O passo seguinte é redesenhar seu orçamento realisticamente. Você precisa mapear todos os gastos, desde os indispensáveis até aqueles que parecem importantes, mas não resistem a uma análise mais criteriosa. Já parou, por exemplo, para pensar quanto custa manter um carro? Seguro, revisão, IPVA, estacionamento… Considere se mudar para um local com aluguel mais barato. Ou vender o imóvel e ir para um menor, aplicando a diferença. Seja severo com as pequenas despesas arbitrárias que fazem o dinheiro escoar ralo abaixo: um chope com os amigos, uma peça de roupa em liquidação mas da qual você não precisa. Em hipótese alguma entre no círculo vicioso do cheque especial e dos juros dos cartões de crédito. Ainda vai ficar faltando? Então, além de buscar uma recolocação no mercado, enquanto seu currículo está “fresquinho”, é hora de identificar novas fontes de renda: um hobby, como cozinhar ou fazer artesanato, pode se transformar numa atividade profissional. Ou sua formação em TI pode ser canalizada para dar assistência a quem tem problemas com os computadores em casa. Use sua rede de parentes e conhecidos para divulgar seus serviços.

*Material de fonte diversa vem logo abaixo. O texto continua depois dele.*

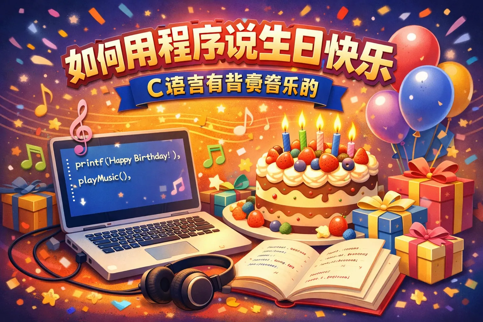 如何用程序说生日快乐c语言有背景音乐的

Esse blog já mostrou como, inclusive, não depender da previdência. No livro “4 dimensões de uma vida em equilíbrio”, os autores Denise Hills, Jurandir Macedo e Martin Iglesias usaram quatro números para medir a saúde do dinheiro guardado ao longo da vida: 1-3-6-9. O número 1 seria o valor da poupança recomendável para uma pessoa com 35 anos: nessa idade, o ideal seria ter o equivalente a um ano de salário em algum tipo de investimento. O número 3 seria o valor de poupança para quem chegasse aos 45 anos: três anos de salário. Aos 55 anos, seriam seis anos de salário e, aos 65 anos, nove anos de salário – o que permitiria a tão sonhada segurança. Resumo da ópera: quanto antes começar, melhor.